We provide the groundtruth trajectory as a text file containing the translation and orientation of the camera in a fixed coordinate frame. Note that also our automatic evaluation tool expects both the groundtruth and estimated trajectory to be in this format.

  • Each line in the text file contains a single pose.
  • The format of each line is 'timestamp tx ty tz qx qy qz qw'
  • timestamp (float) gives the number of seconds since the Unix epoch.
  • tx ty tz (3 floats) give the position of the optical center of the color camera with respect to the world origin as defined by the motion capture system.
  • qx qy qz qw (4 floats) give the orientation of the optical center of the color camera in form of a unit quaternion with respect to the world origin as defined by the motion capture system.
  • The file may contain comments that have to start with ”#”.

Intrinsic Camera Calibration of the Kinect

The Kinect has a factory calibration stored onboard, based on a high level polynomial warping function. The OpenNI driver uses this calibration for undistorting the images, and for registering the depth images (taken by the IR camera) to the RGB images. Therefore, the depth images in our datasets are reprojected into the frame of the color camera, which means that there is a 1:1 correspondence between pixels in the depth map and the color image.
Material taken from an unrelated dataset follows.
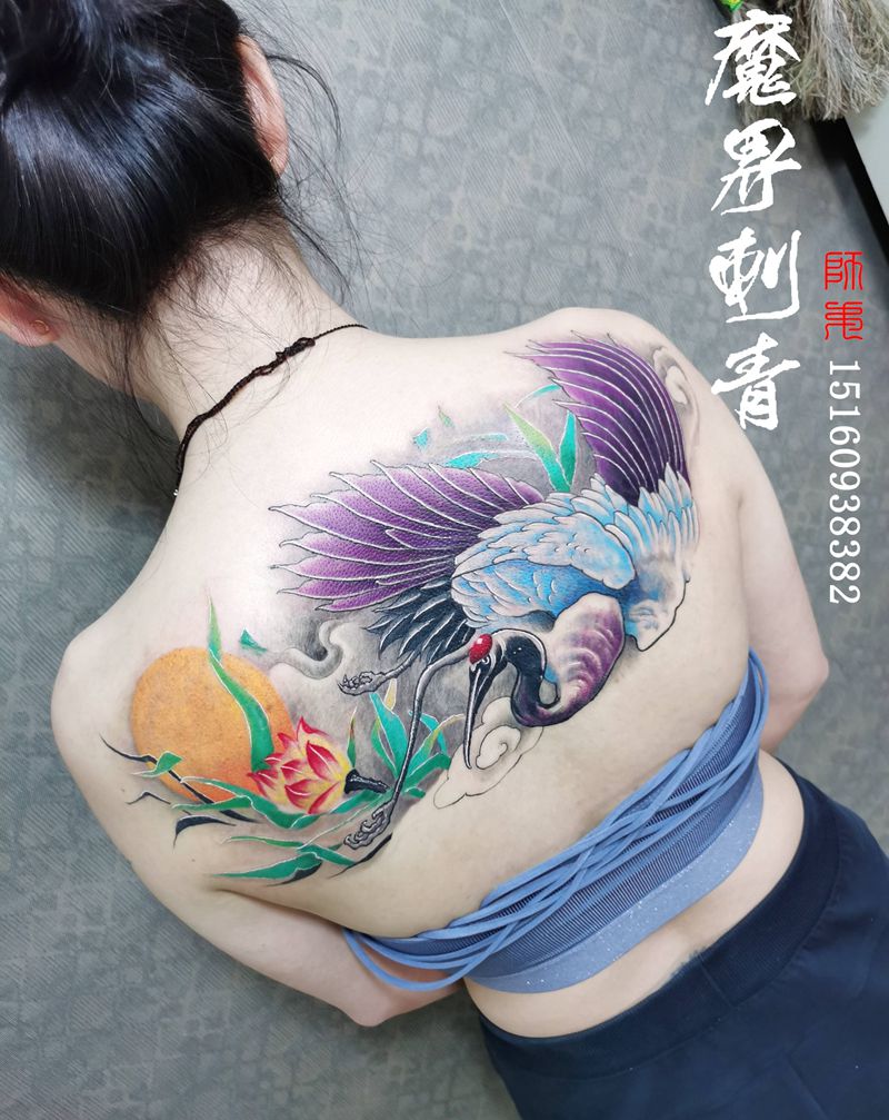 当前位置: 首页 >新疆乌鲁木齐市纹身店-魔界纹身纹身图案>仙鹤纹身图片_背部新传统彩色仙鹤后背半背女生后背纹身图案

The conversion from the 2D images to 3D point clouds works as follows. Note that the focal lengths (fx/fy), the optical center (cx/cy), the distortion parameters (d0-d4) and the depth correction factor are different for each camera. The Python code below illustrates how the 3D point can be computed from the pixel coordinates and the depth value:

fx = 525.0  # focal length x
fy = 525.0  # focal length y
cx = 319.5  # optical center x
cy = 239.5  # optical center y

factor = 5000 # for the 16-bit PNG files
# OR: factor = 1 # for the 32-bit float images in the ROS bag files

for v in range(depth_image.height):
  for u in range(depth_image.width):
    Z = depth_image[v,u] / factor;
    X = (u - cx) * Z / fx;
    Y = (v - cy) * Z / fy;

Note that the above script uses the default (uncalibrated) intrinsic parameters. The intrinsic parameters for the Kinects used in the fr1 and fr2 dataset are as follows:

Calibration of the color camera

We computed the intrinsic parameters of the RGB camera from the rgbd_dataset_freiburg1/2_rgb_calibration.bag.
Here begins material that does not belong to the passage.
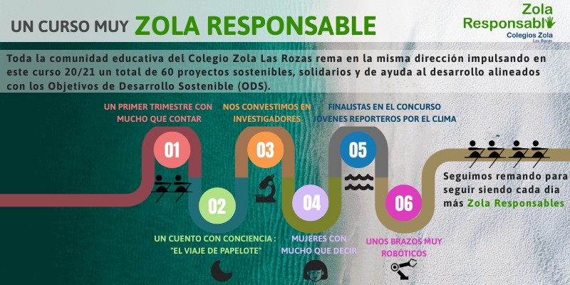 Toda la comunidad educativa del Colegio Zola Las Rozas rema en la misma dirección impulsando en este curso 20/21 un total de 60 proyectos sostenibles, solidarios y de ayuda al desarrollo alineados con los Objetivos de Desarrollo Sostenible (ODS).

Camera fx fy cx cy d0 d1 d2 d3 d4
(ROS default) 525.0 525.0 319.5 239.5 0.0 0.0 0.0 0.0 0.0
Freiburg 1 RGB 517.3 516.5 318.6 255.3 0.2624 -0.9531 -0.0054 0.0026 1.1633
Freiburg 2 RGB 520.9 521.0 325.1 249.7 0.2312 -0.7849 -0.0033 -0.0001 0.9172
Freiburg 3 RGB 535.4 539.2 320.1 247.6 0 0 0 0 0

Note that both the color and IR images of the Freiburg 3 sequences have already been undistorted, therefore the distortion parameters are all zero. The original distortion values can be found in the tgz file.
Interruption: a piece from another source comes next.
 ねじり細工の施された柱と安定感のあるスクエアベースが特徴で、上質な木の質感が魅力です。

Note: We recommend to use the ROS default parameter set (i.e., without undistortion), as undistortion of the pre-registered depth images is not trivial.

Calibration of the depth images

We verified the depth values by comparing the reported depth values to the depth estimated from the RGB checkerboard. In this experiment, we found that the reported depth values from the Kinect were off by a constant scaling factor, as given in the following table:

Camera ds
Freiburg 1 Depth 1.035
Freiburg 2 Depth 1.031
Freiburg 3 Depth 1.000

Note: We already pre-scaled the depth images of all sequences accordingly, so that no action on your side is necessary.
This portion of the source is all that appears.